You can force printf to only print the low byte of the int, by using suitable formatting (%hhx), so this correctly prints only the value in the original char:
/* Notice the include is 'removed' so the C compiler does default behaviour */
/* #include <stdio.h> */
int main (int argc, const char * argv[]) {
char schar[] = "\x70\x80";
unsigned char uchar[] = "\x70\x80";
printf("schar[0]=%hhx schar[1]=%hhx uchar[0]=%hhx uchar[1]=%hhx\n",
schar[0], schar[1], uchar[0], uchar[1]);
return 0;
}
This prints:
schar[0]=70 schar[1]=80 uchar[0]=70 uchar[1]=80
because printf interprets the %hhx to treat the int as an unsigned char. This does not change the fact that the char was sign extended to an int before printf was called. It is only a way to tell printf how to interpret the contents of the int.
In a way, for signed char *schar, the meaning of %hhx looks slightly misleading, but the '%x' format interprets int as unsigned anyway, and (with my printf) there is no format to print hex for signed values (IMHO it would be a confusing).
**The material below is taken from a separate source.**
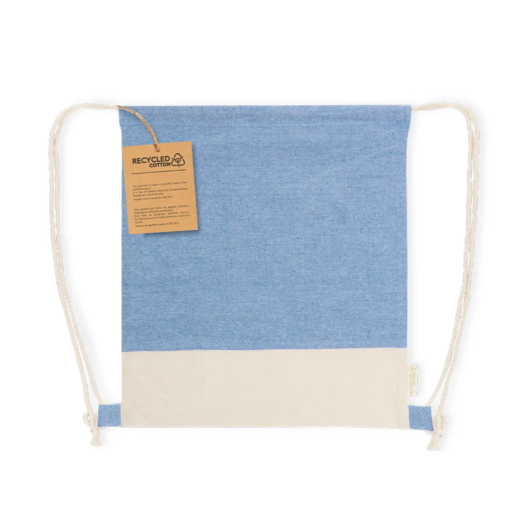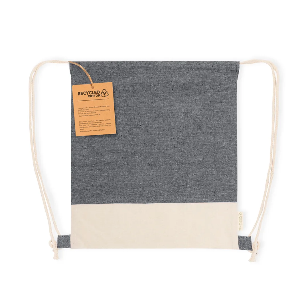 Saco mochila confeccionado em material algodão reciclado de 120 g/m2. Os cordões de fecho automático também são fabricados em algodão com argolas de tecido. A base apresenta uma cor natural a condizer com os cordões, com o logotipo eco visível na etiqueta lateral. Disponível numa variada gama de cores nature. Resistência até 6kg de peso.100% Algodão Reciclado 120 g/ m2

Sadly, ISO/ANSI/... don't freely publish our programming language standards, so I can't point to the specification, but searching the web might turn up working drafts. I haven't tried to find them. I would recommend "C: A Reference Manual" by Samuel P. Harbison and Guy L. Steele as a cheaper alternative to the ISO document.
HTH
No. printf is a variable argument function, arguments to a variable argument function will be promoted to an int. And in this case the char was negative, so it gets sign extended.
%x tells printf that the value to print is an unsigned int. So, it promotes the char to an unsigned int, sign extending as necessary and then prints out the resulting value.